[Stored items]

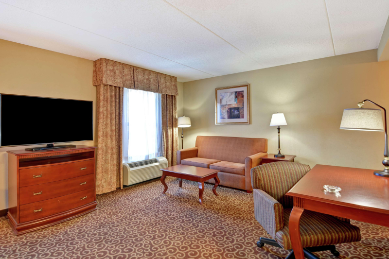 The Hampton Inn & Suites Fredericksburg hotel is located in Celebrate Virginia, conveniently located off of I-95 and Route 3, just minutes from Historic Downtown Fredericksburg, VA. Nearby shopping includes Central Park Shopping Center, outlet malls and Historic Downtown merchants and antique shops. You can find everything you are looking for here at the Hampton Inn & Suites Fredericksburg hotel: history, antiques, shopping, dining, theaters, golfing and much more. You can travel north to visit Washington, DC (45 miles) or the Potomac Mills Shopping Outlets, travel South 30 miles to King's Dominion Amusement Park.
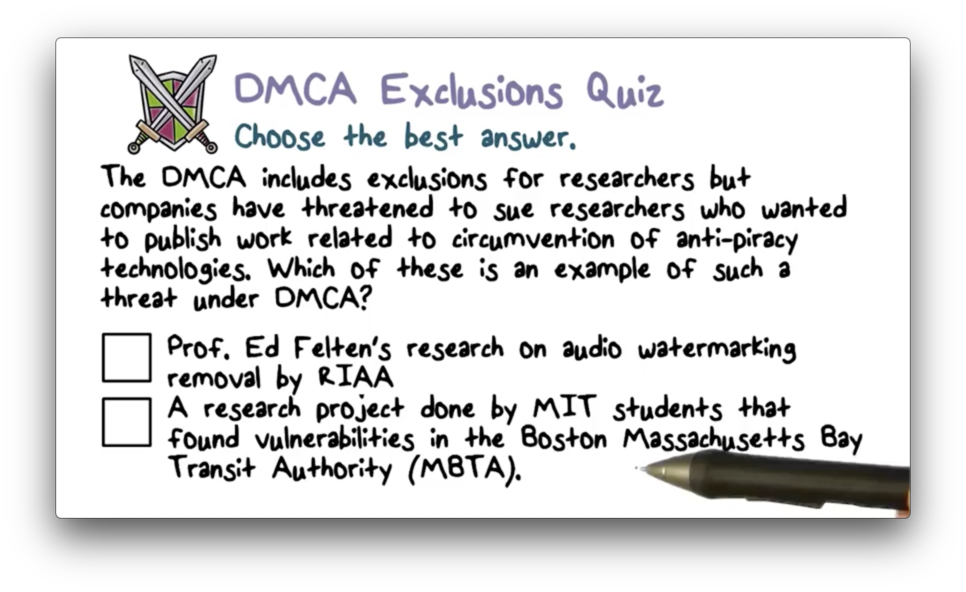 The Digital Millennium Copyright Act (DMCA) concerns intellectual property and digital content. The problem it helps to address is piracy - the illegal copying and theft of digital objects.
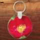 A macro photograph of a bright red single-petal miniature rose with a sunny yellow centre.
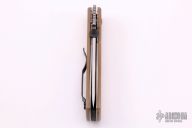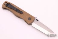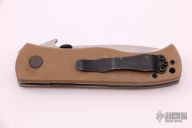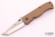 This production CQC-7V-BT by Emerson Knives has a stonewashed v-ground tanto blade with notched thumbrest and thumb disc. The handle has tan G-10 scales, titanium liners, black G-10 backspacer, tip up black stainless clip, lanyard hole. Numbered 331 and dated 2010. Has some light scuffs on the handle, otherwise excellent condition.
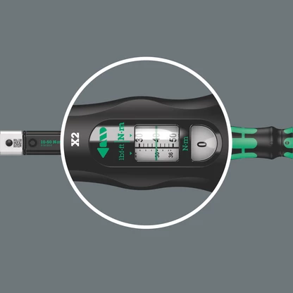 Easy setting and saving of the desired torque value; easy to read on main and fine scales.
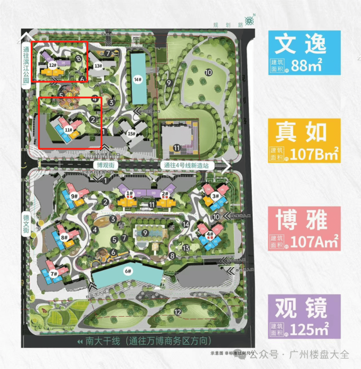 小区采用围合式布局设计,目前在售户型为88-125平三四房,主要为一期部分楼栋的尾货,还有二期的11-12栋和新加推的15栋,其中12栋今年10月份就能收楼,11-15栋都是明年收楼。
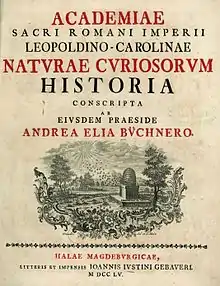 Page de titre de l'Histoire de l'Académie des Curieux de la nature (1755).
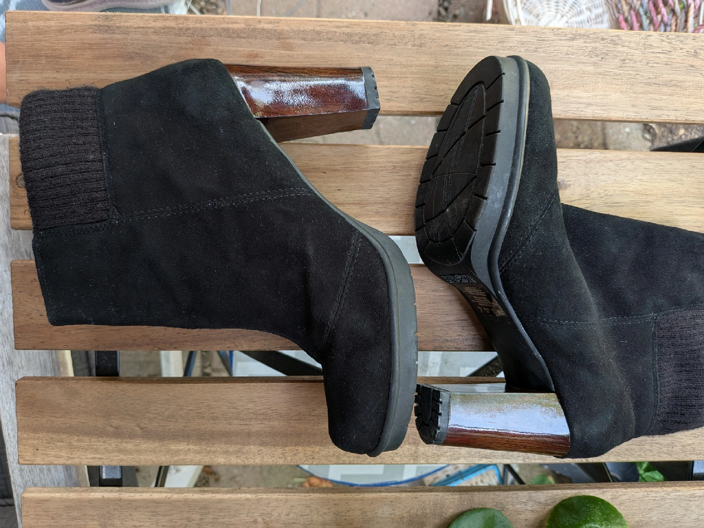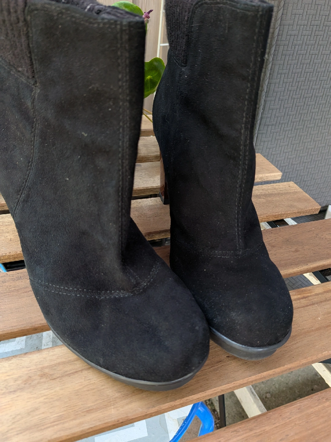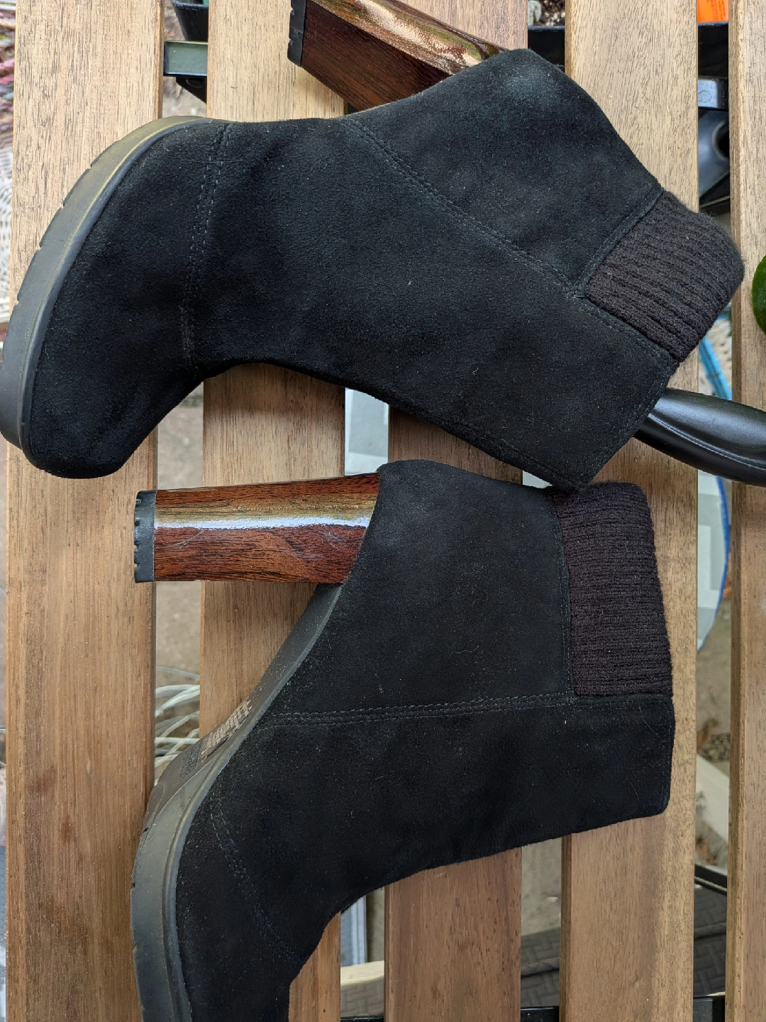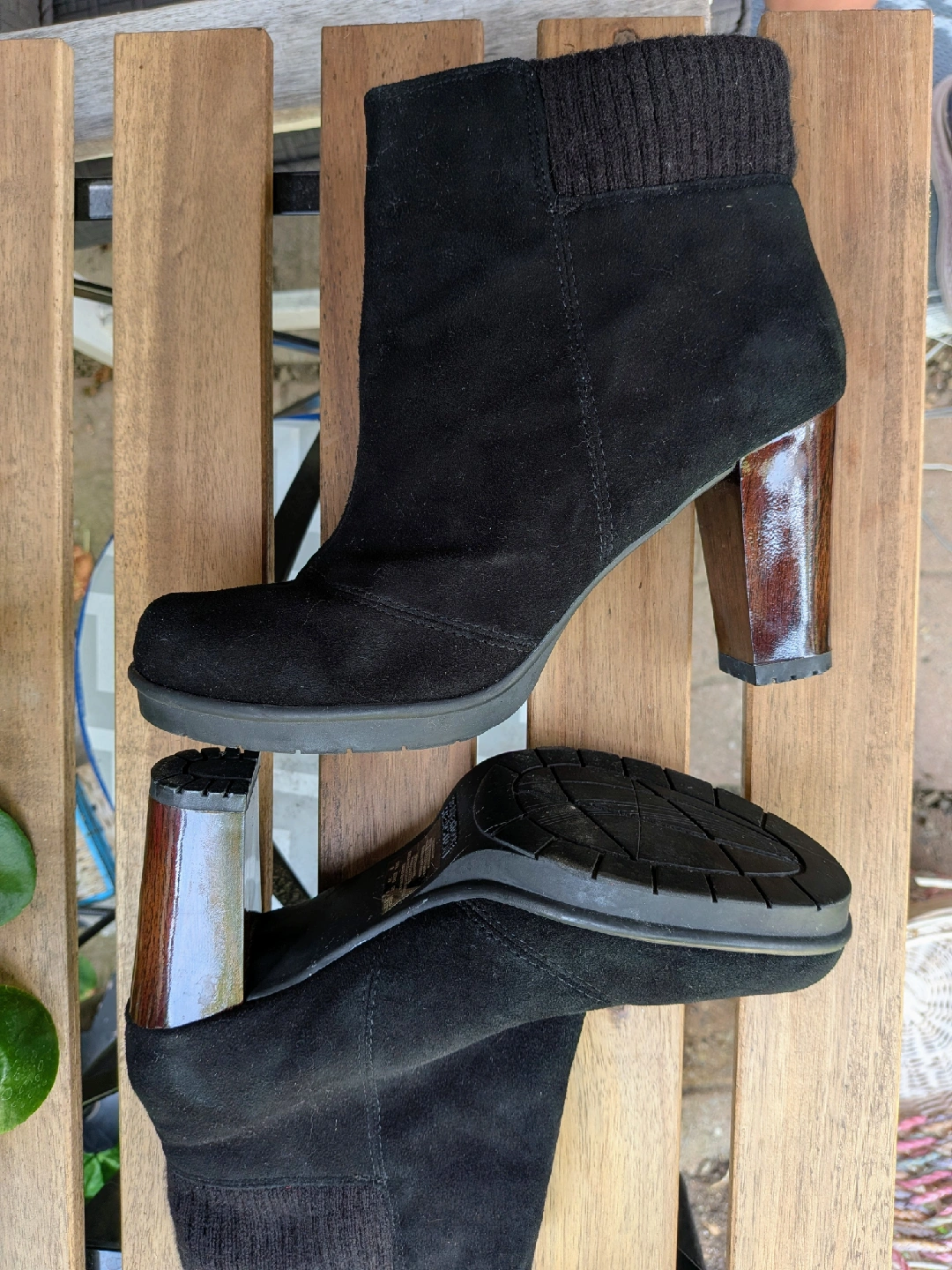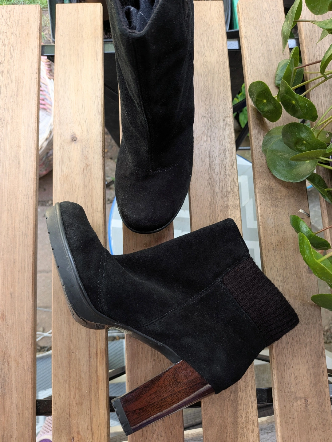 Selling a pair of stylish black suede ankle boots. They have a unique wood-look heel and a comfortable fit. These boots are in great condition and are a size 8. Perfect for adding a touch of elegance to any outfit! Wore only once, cannot wear heels anymore Excellent condition, no issues Cash only, no etransfers Location: Etobicoke. Rathburn and Renforth

*ASSIGNMENT*.
The result should be all the records, retyped exactly, with no pictures among them.

*RESPONSE AREA*.
 The Hampton Inn & Suites Fredericksburg hotel is located in Celebrate Virginia, conveniently located off of I-95 and Route 3, just minutes from Historic Downtown Fredericksburg, VA. Nearby shopping includes Central Park Shopping Center, outlet malls and Historic Downtown merchants and antique shops. You can find everything you are looking for here at the Hampton Inn & Suites Fredericksburg hotel: history, antiques, shopping, dining, theaters, golfing and much more. You can travel north to visit Washington, DC (45 miles) or the Potomac Mills Shopping Outlets, travel South 30 miles to King's Dominion Amusement Park.
 The Digital Millennium Copyright Act (DMCA) concerns intellectual property and digital content. The problem it helps to address is piracy - the illegal copying and theft of digital objects.
 A macro photograph of a bright red single-petal miniature rose with a sunny yellow centre.
 This production CQC-7V-BT by Emerson Knives has a stonewashed v-ground tanto blade with notched thumbrest and thumb disc. The handle has tan G-10 scales, titanium liners, black G-10 backspacer, tip up black stainless clip, lanyard hole. Numbered 331 and dated 2010. Has some light scuffs on the handle, otherwise excellent condition.
 Easy setting and saving of the desired torque value; easy to read on main and fine scales.
 小区采用围合式布局设计,目前在售户型为88-125平三四房,主要为一期部分楼栋的尾货,还有二期的11-12栋和新加推的15栋,其中12栋今年10月份就能收楼,11-15栋都是明年收楼。
 Page de titre de l'Histoire de l'Académie des Curieux de la nature (1755).
 Selling a pair of stylish black suede ankle boots. They have a unique wood-look heel and a comfortable fit. These boots are in great condition and are a size 8. Perfect for adding a touch of elegance to any outfit! Wore only once, cannot wear heels anymore Excellent condition, no issues Cash only, no etransfers Location: Etobicoke. Rathburn and Renforth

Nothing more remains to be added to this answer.